Single Incision Endosurgery for Inflammatory Bowel Disease in Children and Adolescents: A Case Series

Lena Perger, MD, Carrie A Laituri, MD, Shawn D St. Peter, MD, Oliver J Muensterer, MD PhD, Keith E Georgeson, MD, Carroll M Harmon, MD PhD. Children’s Hospital of Alabama, Birmingham, AL, Children’s Mercy Hospital, Kansas City, MO

Background: Many children with Crohn’s disease develop complications requiring intestinal resection. For ulcerative colitis, proctocolectomy with J-pouch and ileoanal anastomosis is the procedure of choice. Laparoscopy has become a common approach for both procedures in adults and children. We report the initial experience from two pediatric institutions with single incision laparoscopic technique for operating for inflammatory bowel disease.

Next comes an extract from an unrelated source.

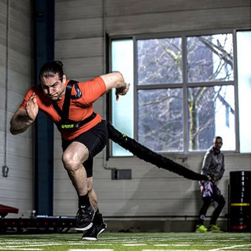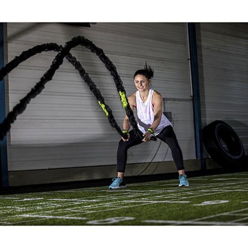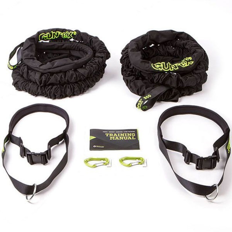 Еластичні бойові канати GUN-eX - це спортивний тренажер для тренування всього тіла, розроблений для проведення класичних групових занять і занять в малих групах. Він ідеально підходить для високоінтенсивних інтервальних тренувань (HIIT), які ефективні в боротьбі із зайвою вагою. Один набір розрахований на використання двома людьми одночасно, для занять в парах. Важливою особливістю цього обладнання є його універсальність, воно підійде практично всім, незалежно від статі, віку і рівня підготовки. Пакет GUN-eX включає в себе не тільки набір спортивного інвентарю, а й повний доступ до мобільного додатку, відео вправ/тренувань, можливість пройти навчання у сертифікованих тренерів GUN-eX. Захисне покриття канатів CORDURA (стійкість до стирання, не боїться вологи); парашутні нитки; ремені, розроблені для використання військовими. Різні варіанти кріплення для використання як усередині приміщення, так і на відкритому повітрі. Карабіни тестуються з використанням екстремальних навантажень, а також оснащені спеціальним фіксатором для запобігання втрати або крадіжки. Елементи, які кріпляться на тіло, наповнені неопреном для більшого комфорту під час тренування. У комплекті йде навчальний посібник з основними тренуваннями. Додаток для тренувань GUN-eX mobile доступен для скачування на Apple App Store і Google Play Store. Карабін: 2 шт, сталь і алюміній, з фіксатором від втрати або крадіжки. Пояс для кріплення на стегна: 2 шт. Довжина каната (min - max): 5,5 м - 12 м. Рівень опору: 1 канат - 30 кг (300 Ньютонів) при максимальній довжині, 2 каната - 60 кг при максимальній довжині.

Materials and methods: Between November 2009 and August 2010 we performed fifteen single incision endosurgical operations on fourteen patients 5 to 17 years old who weighed between 24 and 72 kg. Thirteen patients with Crohn’s disease underwent small bowel resection or ileocecectomy. One patient with ulcerative colitis had a total abdominal colectomy with end ileostomy, followed by proctectomy and J pouch with ileoanal anastomosis. Perioperative complications were recorded.

Results: All Crohn’s disease operations were performed through an umbilical multilumen port. All anastomoses were stapled extracorporealy. Total abdominal colectomy was performed through two multilumen ports, one placed in the umbilicus and one in the right lower quadrant, which was used for subsequent creation of an end ileostomy. The J pouch with ileoanal pull-through was done through a single umbilical multilumen port. There were three post-operative complications: one anastomotic leak 4 days post-operatively, one small bowel obstruction with perforation 2 weeks post-operatively, and one enterocutaneous fistula 3 weeks post-operatively.

Conclusions: Single incision endosurgery appears to be a reasonable alternative in children and adolescents with inflammatory bowel disease who require operative therapy. With improved instrumentation and more experience, we expect an increased use of single incision endosurgery in children with complex intestinal disease.